**SOURCE DATA**

·····

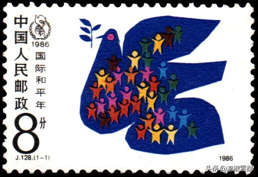 第二图上的八方联是1986年发行的J128,国际和平年,单枚成交价格1元左右,8方联也就10元多一些。
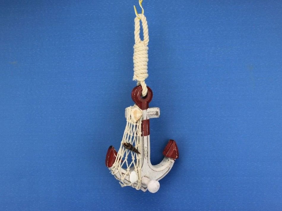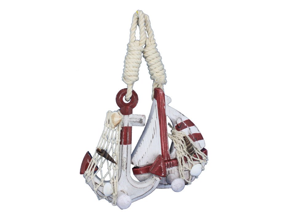 Wooden Rustic Red Decorative Sailboat/Anchor Wall Accent w/ Hook Set 6""
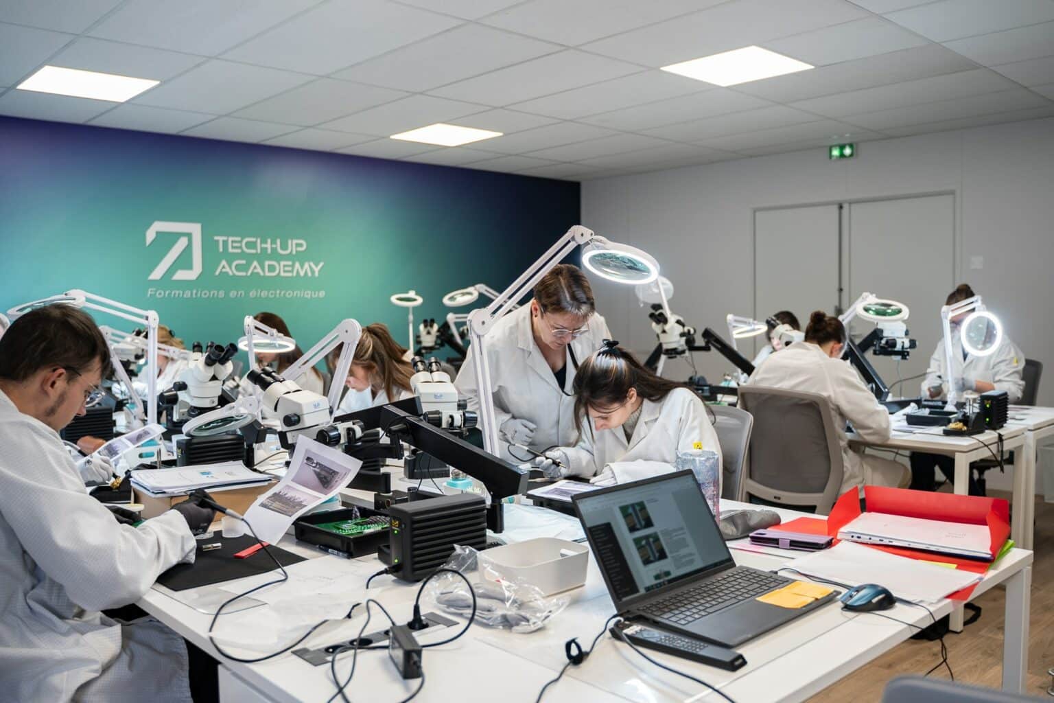 Se former à la Tech-Up Academy, c’est acquérir des compétences concrètes en immersion dans un environnement industriel. Nos formations, alliant théorie et pratique, sont conçues pour répondre aux besoins réels du secteur et préparer efficacement aux métiers de l’électronique. Chaque parcours permet de s’exercer sur du matériel professionnel, dans des conditions proches du terrain, pour acquérir des compétences immédiatement mobilisables dans le monde professionnel.

·····

**WORK INSTRUCTION**
Without the pictures, copy the material exactly as given.

**YOUR RESPONSE**
 第二图上的八方联是1986年发行的J128,国际和平年,单枚成交价格1元左右,8方联也就10元多一些。
 Wooden Rustic Red Decorative Sailboat/Anchor Wall Accent w/ Hook Set 6""
 Se former à la Tech-Up Academy, c’est acquérir des compétences concrètes en immersion dans un environnement industriel. Nos formations, alliant théorie et pratique, sont conçues pour répondre aux besoins réels du secteur et préparer efficacement aux métiers de l’électronique. Chaque parcours permet de s’exercer sur du matériel professionnel, dans des conditions proches du terrain, pour acquérir des compétences immédiatement mobilisables dans le monde professionnel.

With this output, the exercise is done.